I principali punti da notare per quanto riguarda il diagramma sono i seguenti:

• Tre firewall forniscono una difesa approfondita nell'intera distribuzione. In questo argomento vengono forniti consigli per la configurazione dei firewall.

• Il punto di ingresso è un'applicazione Internet personalizzata che contiene il controllo ReportViewer. Il controllo ospita un report che viene eseguito in un server di report dietro il secondo firewall.

• Per i report si utilizzano i dati di origini dati di sola lettura create appositamente per le operazioni con i report. Le origini dati contengono dati copiati da altre origini, ma senza valori di dati sensibili che non si utilizzerebbero mai in un report.

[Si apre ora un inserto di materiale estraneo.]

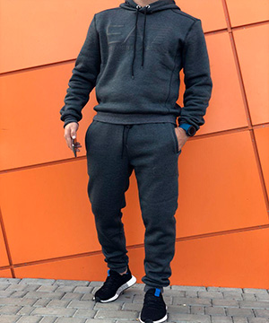 Темно серый мужской спортивный костюм с начесом EA7 К-273
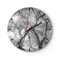 Ceas de perete - Ceas pe sticlă - Copaci alb-negri în lumina soarelui în pădure - 30x30cm - Într-o livadă de măslini - Decorațiune modernă pentru perete pentru living, bucătărie și dormitor ARTTOR
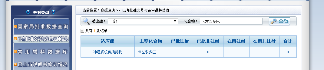 此外,記者查詢國家藥監(jiān)局藥品審評(píng)中心官網(wǎng)發(fā)現(xiàn),適應(yīng)證為神經(jīng)系統(tǒng)疾病藥物、主要化合物為卡左雙多巴的已批非注射劑有8個(gè),目前沒有在審的產(chǎn)品。
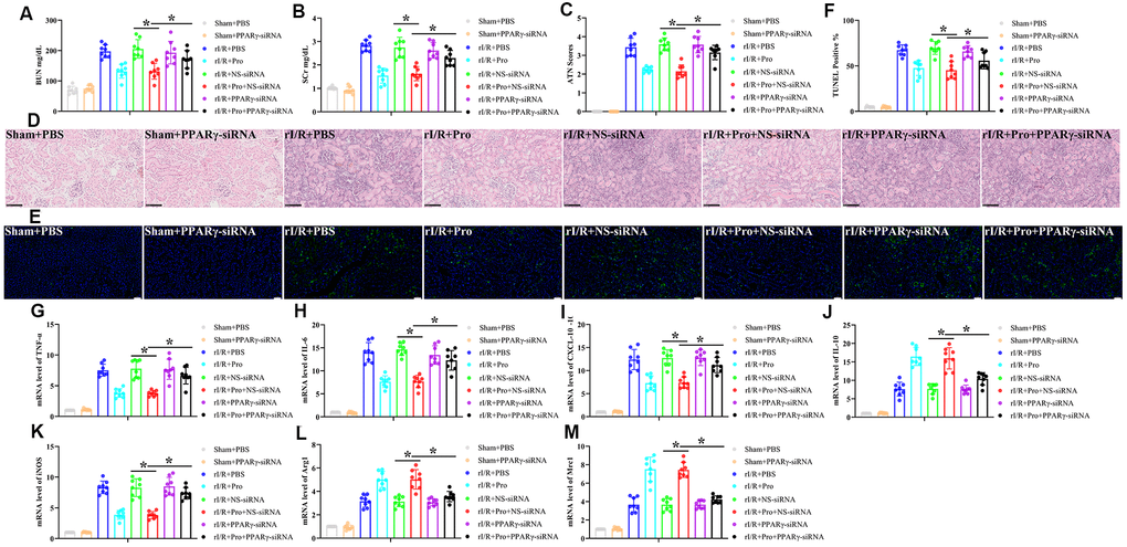 Finally, and to determine whether PPARγ activation is involved in the renoprotective actions of Pro against rI/R, we silenced PPARγ in vivo by administering a tail vein injection of a PPARγ siRNA premixed with mannose-conjugated polymers 4 h before rI/R surgery. Analyses carried out 24 h post-reperfusion indicated that PPARγ-siRNA treatment had no effect on sham rats but attenuated or abolished the renoprotective actions of Pro on rI/R-treated rats. This was evidenced by higher serum BUN and SCr concentrations, higher ATN scores for tissue samples, and increased numbers of TUNEL-positive cells compared to both rI/R+Pro and rI/R+Pro+NS-siRNA treatment groups (Figure 5A–5F). In addition, compared to the last two groups, PPARγ silencing significantly increased TNF-α, IL-6, and CXCL-10 mRNA levels and reduced IL-10 mRNA production in kidney samples from rats subjected to rI/R (Figure 5G–5J). Suggesting a critical role for Pro-mediated PPARγ activation in the conversion of renal macrophages to the M2 phenotype, PPARγ depletion in rI/R-treated rats prevented the decrease in iNOS and the increase in Arg1 and Mrc1 mRNA levels induced by Pro administration (Figure 5K–5M).
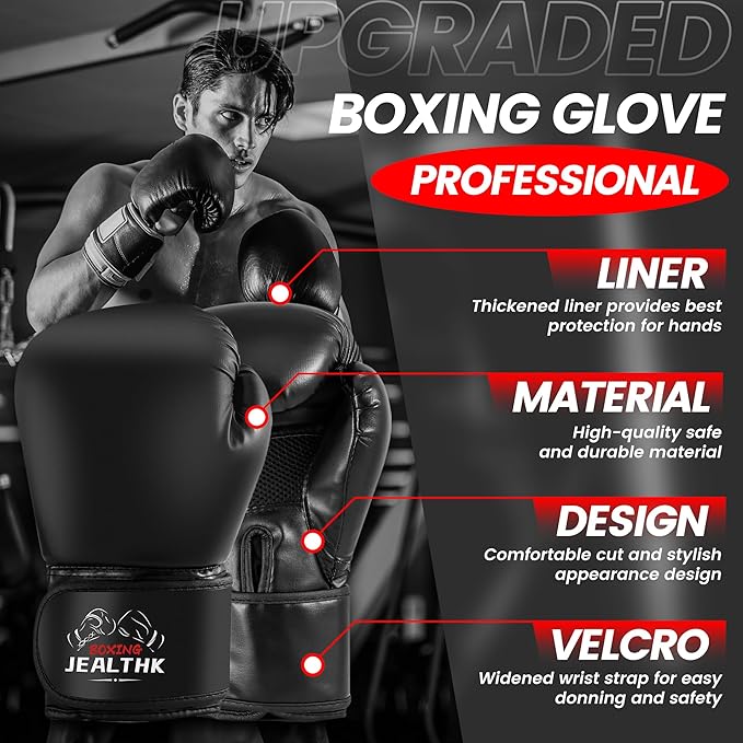 - Upgraded 12OZ Boxing Gloves:Featured with 10mm thicken high-density foam and pre-curved anatomic hand design, upgraded 12OZ Boxing Gloves create the best protection for your hands with shock absorption. reduce the chance of wrist injury。Make sure you can hit with confidence!
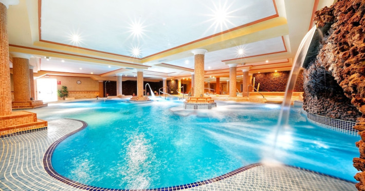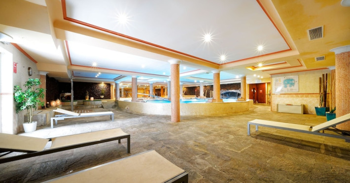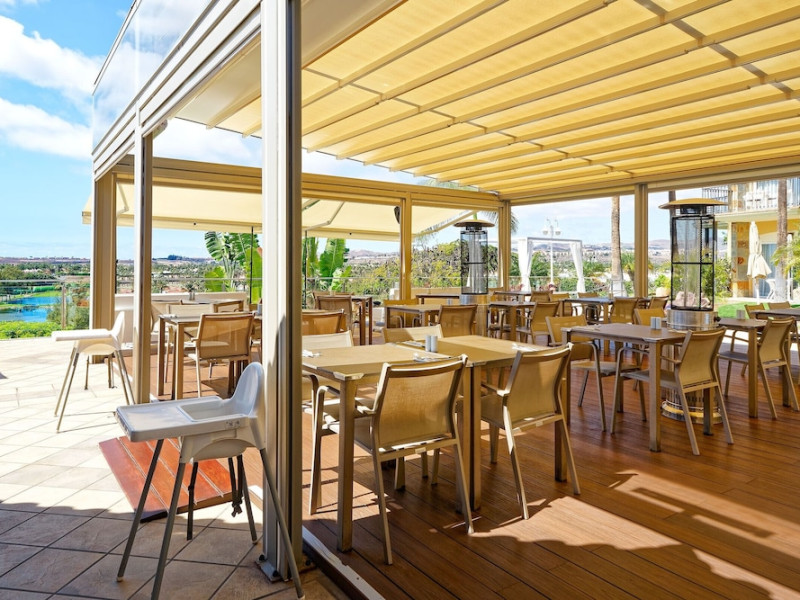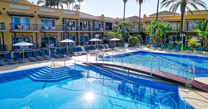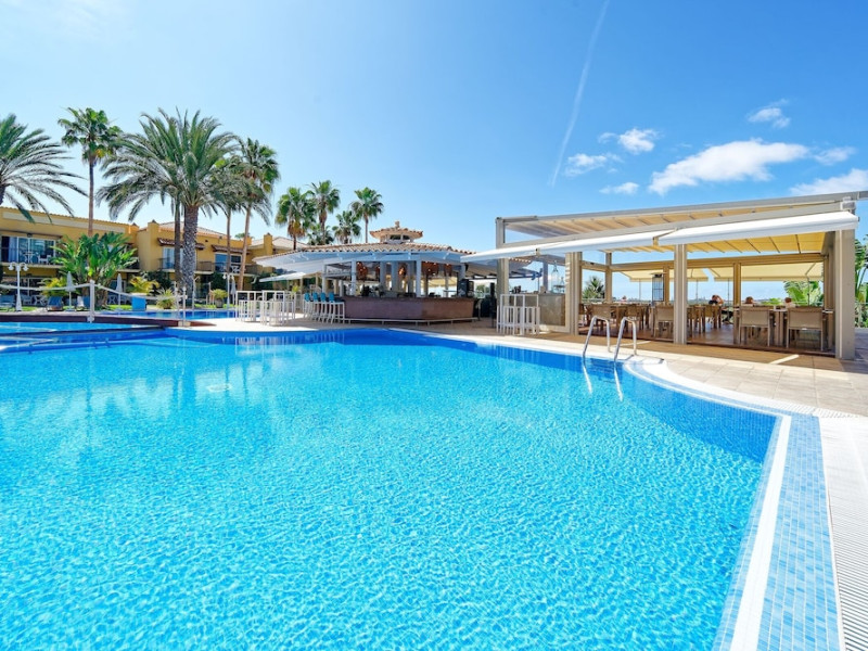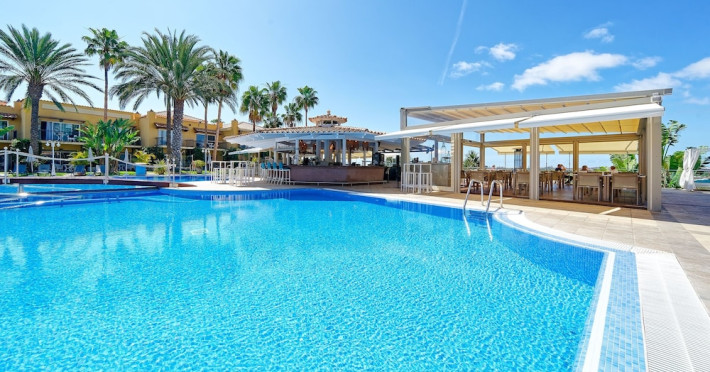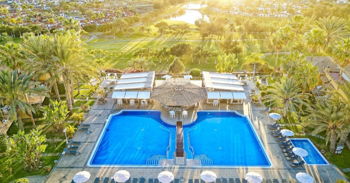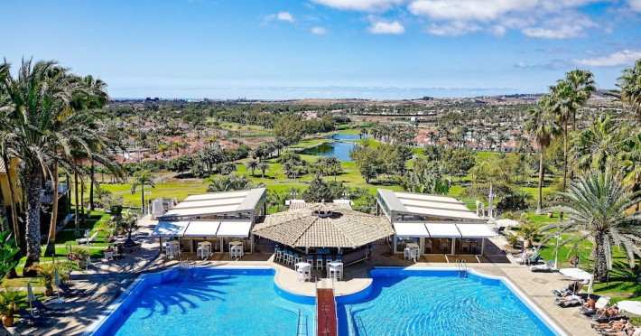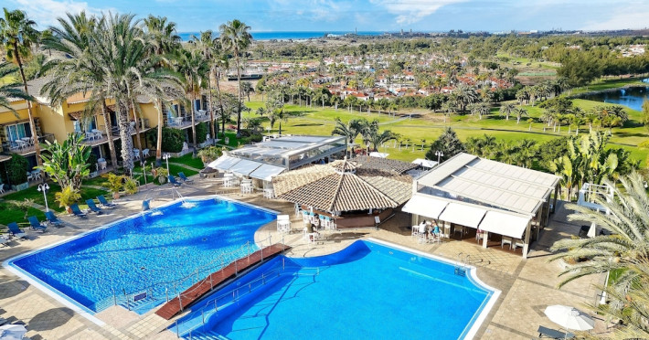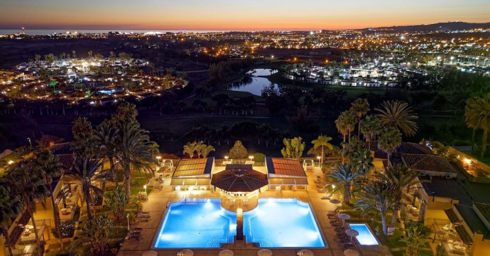 Facilities and services includes a 24 h reception, lifts, currency exchange, conference room, Wi-Fi in the lobby area (extra charge), restaurant and bar. The outside facilities include 2 pools (one heated in winter), sun deck and snack pool bar with views to the golf course. The hotel has a wellness area with a 500 m2 Talasso pool, Finnish sauna, Turkish bath, mud baths, Vichy shower, massages, and beauty & aesthetics saloon (the wellness area can be entered for an extra charge and if you are over the age of 18 years old). All en suite rooms are equipped with A/C, TV, radio, safe (with extra charge), mini bar, telephone, bathroom with hair dryer and bathrobe and terrace or balcony. Laundry services and room service available.The hotel has its own parking.** Please note that some of the above facilities may be closed due to weather / seasonal conditions.Please note: Unlimited access to the SPA for clients hosted.Bathrobe has to be rented at the reception with extra charge.Address: Avenida de Gran Canaria 80, 35100 Playa del Ingles, Gran Canaria, Spain.

• I server di dati aziendali contengono dati sensibili protetti tramite autorizzazioni e impostazioni firewall restrittive. È inoltre opportuno scegliere di includere il database del server di report in questa area di sicurezza, in modo che tutti i server database che richiedono l'accesso in lettura/scrittura possano utilizzare la sicurezza fornita dal terzo firewall.

Linee guida generali

Nell'elenco seguente sono fornite linee guida generali per la distribuzione di Reporting Services nella topologia illustrata in questo argomento. Questo elenco viene offerto come un punto iniziale per la creazione di un piano di distribuzione. La configurazione specifica della topologia di rete richiederà probabilmente passaggi aggiuntivi non descritti in tale elenco.

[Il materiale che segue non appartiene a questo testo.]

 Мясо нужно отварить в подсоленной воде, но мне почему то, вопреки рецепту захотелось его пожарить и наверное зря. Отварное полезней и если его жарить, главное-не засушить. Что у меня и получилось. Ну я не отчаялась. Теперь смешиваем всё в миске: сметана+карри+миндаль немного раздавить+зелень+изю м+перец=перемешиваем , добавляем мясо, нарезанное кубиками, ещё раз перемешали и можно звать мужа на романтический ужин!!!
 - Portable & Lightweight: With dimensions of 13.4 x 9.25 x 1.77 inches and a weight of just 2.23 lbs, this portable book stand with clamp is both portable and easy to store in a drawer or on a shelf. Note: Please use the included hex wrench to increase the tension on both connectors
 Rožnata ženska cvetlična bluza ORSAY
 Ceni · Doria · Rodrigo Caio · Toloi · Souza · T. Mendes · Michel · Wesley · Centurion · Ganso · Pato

È importante distribuire la configurazione in un ambiente di test per verificare di aver identificato tutti i requisiti, le impostazioni, i passaggi e l'ordine ottimale di tali passaggi:

1. Installare i firewall e identificare i server, gli account e le autorizzazioni.

2. Creare o ottenere certificati server per le connessioni SSL. Installare i certificati in tutti i computer che ospitano i componenti server. Se i certificati sono stati installati con impostazioni basate su caratteri jolly, è possibile utilizzare lo stesso certificato per più URL.

3. Progettare e implementare un approccio per la copia di dati aziendali in modo da separare le origini dati dei report. È possibile utilizzare tecnologie quali la replica, SQL Server Integration Services o un prodotto di terze parti.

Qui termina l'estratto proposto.